Baking - Baked Manicotti


Baked Manicotti. Noodles stuffed with ricotta and zucchini, smothered with tomato sauce and topped with mozzarella.




Chopped zucchini, salted and tossed with olive oil, roasted in the oven. I'm making this up as I go. About 15 minutes @ 350F and another 10 @ 375F.



Tomato sauce. No recipe here. Started with a couple jars of tomato sauce canned from last year's garden and winged it. Diced yellow onion (1/4 large) and carrot (1 peeled), 2 large cloves garlic, red pepper flakes sauteed with olive oil & butter, added tomato paste and dried basil, reduced white wine and 2 pints tomato sauce.

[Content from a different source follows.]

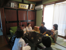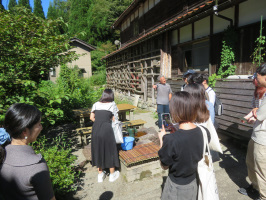 本日も朝9時前に山中温泉の旅館に行き、中央大学の学生諸君を連れて、東谷の今立へ。集落の一番下にある駐車場から2手に分かれて集落を歩くということで活動。当方が案内したグループは、最初の家、移住者の近藤さんが住まう家をピンポーンしたら、ちょうどおられたので、畑や民宿にする予定の家の中も見学させてもらう。さらに家の中でお話もうかがうことができました。11時近くまでお世話になり、ここで終了。別のチームは集落を一通り歩いたようで、何人かの人に話をうかがえたようで何よりです。フィールドワークらしい活動になりました。加賀温泉駅まで送り届け、全てのサポートを終了。元気村で梨とぶどうを買って戻る。途中、能美市の大成の家に寄り、打合せ。叔母の家にも寄り、郵便物をピックアップ。家に戻り、早めに夕食を作り、早く寝る。さすがに疲れました。 | ![]() 今立で近藤さんからお話をうかがう |
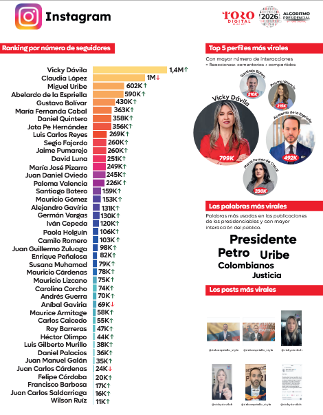 - En TikTok, Vicky Dávila alcanzó 280 mil seguidores y Santiago Botero llegó a 1.6 millones, mientras que en Instagram, María Fernanda Cabal tuvo 1.1 millones de seguidores y Dani Quintero llegó a 2 millones, siendo las cuentas con más seguidores y mayor interacción.

Finished with a dash of honey to balance the acidity and a splash of soy sauce for an umami kick. Simmered down to an appropriate consistency.

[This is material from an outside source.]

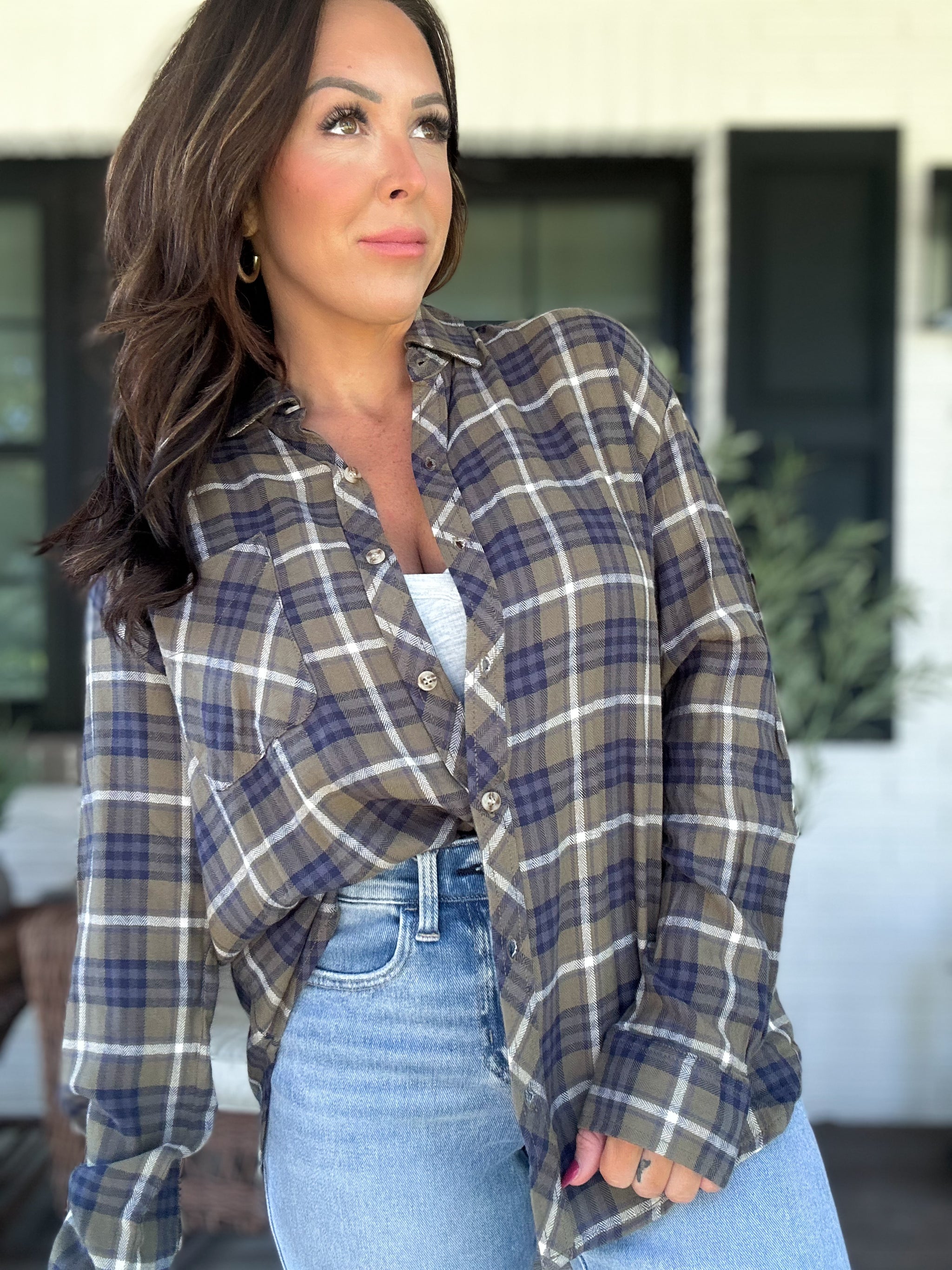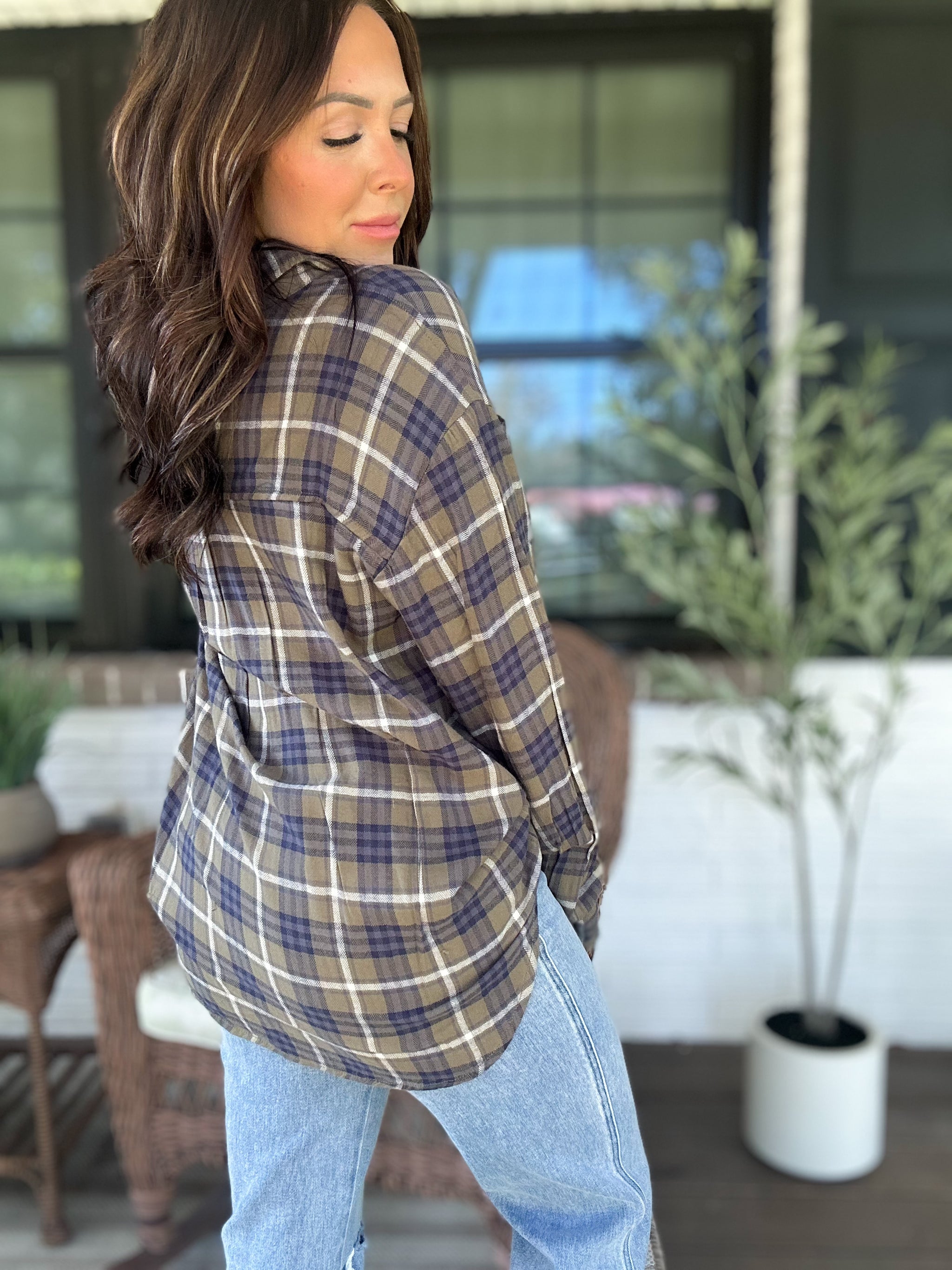 Don't even think about surviving winter without this "Can't Live Without You" Flannel Top. With a classic cut and soft, neutral flannel fabric, you'll stay cozy and fashionable. Front buttons and a pocket add practicality to this must-have piece. (You won't want to take it off!)

Instead of trying to stuff premade manicotti noodles, use no boil lasagna noodles. Presoak the noodles in boiling water for 10 minutes until pliable. Prepare just like enchiladas, spreading filling on noodles one at a time, rolling up and packing into the baking dish.

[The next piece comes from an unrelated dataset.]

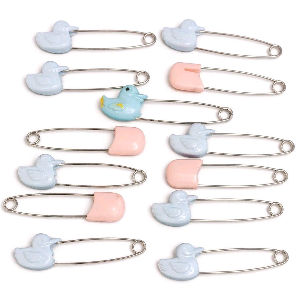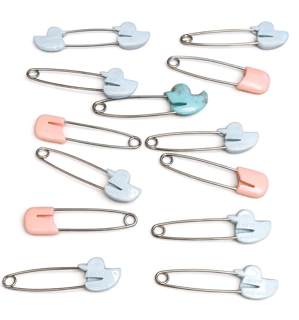 Vintage Baby Safety Diaper Pins Ducks Set of 13 Blue Pink Made In Hong Kong
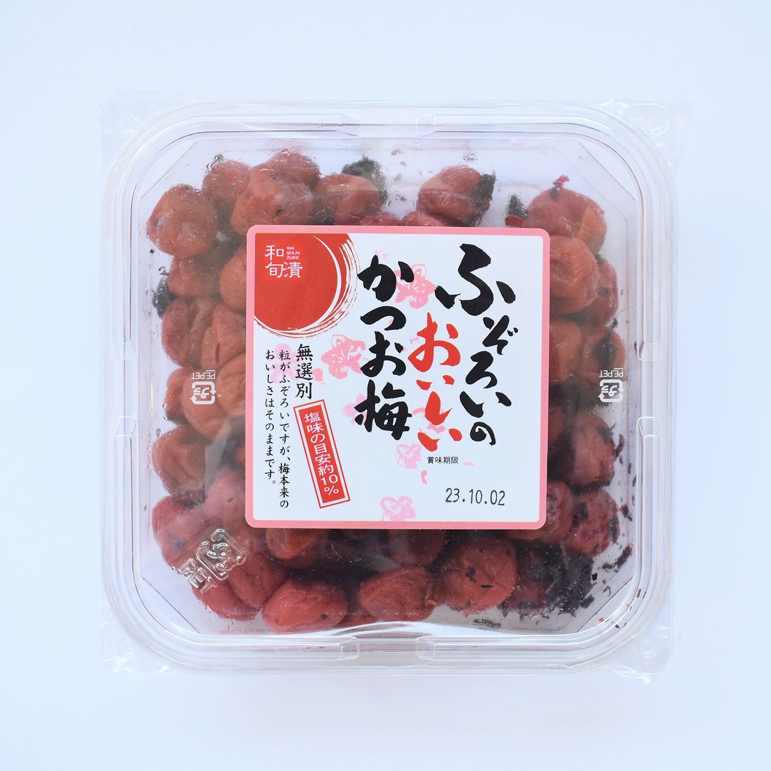 梅、しそ、鰹節、漬け原材料〔異性化液糖、食塩、醸造酢〕/調味料(アミノ酸)、酸味料、甘味料(ステビア)、着色料(赤102)、V.B1

Filling - Fold together ricotta, roasted zucchini, 1 beaten egg, dash of ground nutmeg and lemon pepper.



Assembled dish. Start with a thin layer of sauce, pack in rolled up noodles with ricotta filling, top with additional sauce and thinly sliced discs of mozzarella.



Cover with foil and bake 40 minutes @ 350F. Let rest 15 minutes before serving.